C’è poi un problema di investimenti. Il 40% delle aziende italiane del campione non ha un budget dedicato all’AI e un 26% di intervistati riconosce la carenza di risorse finanziarie come un ostacolo all’adozione su larga scala. Lo scenario è in fieri: l’86% prevede che l’AI rappresenterà una quota crescente della spesa IT nei prossimi anni.
Benché naturalmente propense all’innovazione e all’uso di soluzioni AI all’avanguardia, anche le startup si scontrano con difficoltà che le rendono poco competitive. Il 34% dei titolari di startup sta considerando di trasferire la sede al di fuori dell’Europa per accelerare il proprio sviluppo e in particolare per accedere a maggiori finanziamenti (52%), per meglio espandersi a livello internazionale (48%) e per accedere a incubatori, acceleratori e partnership (40%).
Giulia Gasparini, country leader di Aws Italia
Gli effetti dell’adozione dell’AI
Tra le aziende utenti di AI, quelle che lanciano nuovi prodotti o servizi basati sull'intelligenza artificiale sono il 34%, quota in discesa dal 40% del 2025. Guardando al bicchiere mezzo pieno, va detto che comunque la maggior parte delle aziende sta ottenendo buoni risultati con l’AI, sebbene questa tecnologia sia ancora sottoutilizzata.

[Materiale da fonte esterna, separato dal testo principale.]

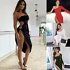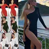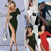 Feminino sexy oco um ombro split vestido moda elegante cor sólida apertado vestido longo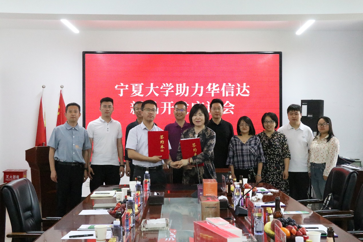 在宁夏华信达生物科技有限公司,公司副总经理兼技术总监、学院校友张智峰主持座谈会,并介绍了公司有关情况;灵武市科技局副局长陈建军、市委组织部人才室主任杨宁分别就灵武市食品企业需求与人才政策进行了详细介绍,并希望学院与灵武市深入合作,共同促进灵武市食品企业的科技创新与快速发展;宁夏华信达生物科技有限公司总经理武康宁针对公司新产品开发市场需求等进行交流探讨,并提出在今后的科技储备、新产品开发、人才培养等方面与学院深度合作;李文华结合学院发展历程、人才培养、科研创新、社会服务和毕业生就业等方面,就院企政深度合作谈了自己的建议;张惠玲教授结合企业产品研发与技术创新情况谈了自己的看法,她指出,随着信息技术的快速发展,企业必须紧跟时代步伐,加大研发投入,推动技术创新和产业升级。座谈会结束,张惠玲教授与夏华信达生物科技有限公司武康宁总经理签署了合作协议。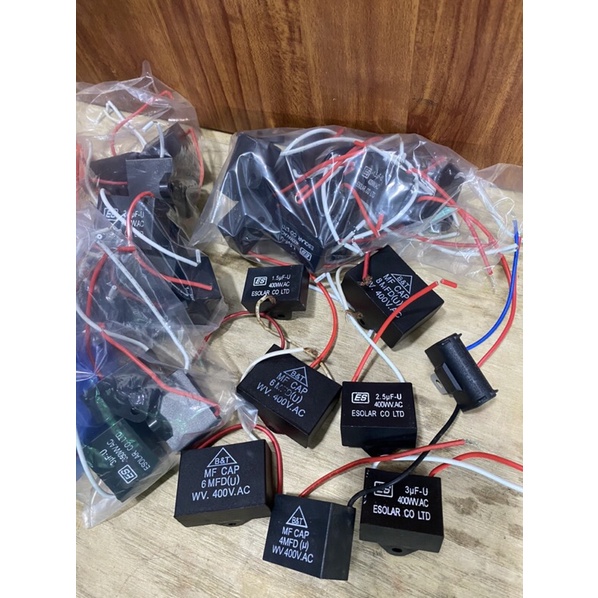 Tụ Kích Đề Cho Quạt Nhiều Công Suất Từ 1,5mf Đến 8mfTụ Kích Đề Quạt sử dụng để thay thế linh kiện quạt đã cũ hỏng, cháy như quạt đứng, quạt treo, quạt trần ....

Per il 66% degli intervistati, l’adozione degli strumenti di AI ha portato aumenti di produttività. Inoltre nel 72% delle imprese utenti di intelligenza artificiale c’è stata negli ultimi due anni un’accelerazione dei tempi di innovazione, percentuale che sale all’88% tra le startup. Il 62% degli intervistati considera l’adozione dell’AI una “massima o alta priorità” e per il 58% questa tecnologia ha un ruolo importante o critico all’interno della strategia aziendale.
“L'intelligenza artificiale non è più una promessa: è la leva che sta ridefinendo il futuro delle imprese italiane”, ha osservato Gasparini. “Ma il potenziale è ancora largamente inespresso, e il momento di agire è adesso. In Aws crediamo che ogni azienda, dalla startup all'enterprise, meriti gli strumenti per trasformare l'ambizione in innovazione concreta. Investire in AI oggi significa costruire non solo imprese più competitive, ma un Paese più forte”.
In occasione del summit appena svoltosi a Milano, Amazon Web Services ha raccontato alcuni progetti di clienti italiani, imprese private e pubbliche. L’Agenzia Regionale per la Protezione Ambientale (Arpa) della Sardegna sta modernizzando la gestione delle informazioni ambientali con un data lake basato su Aws che elabora milioni di dati in tempo reale e permette il monitoraggio della qualità dell’aria, dell’acqua e del suolo. La società informatica Vection Technologies usa l’AI per migliorare la comunicazione con le persone sorde e ipoudenti: le soluzioni Aws utilizzate sono Lambda, Step Functions, SageMaker, Bedrock e Textract.
Nell’ambito dei trasporti, un caso di successo è quello di Aeroporti di Roma, che con Amazon Web Services e Storm Reply ha realizzato un assistente digitale per i passeggeri e una piattaforma IoT per la manutenzione degli scali. Latitudo40, azienda napoletana di servizi satellitari, utilizza l’AI per trasformare il suo grande patrimonio di dati in informazioni utili per città e imprese, mentre Satispay con l’intelligenza artificiale di Aws ha reso sicuri e scalabili milioni di pagamenti digitali.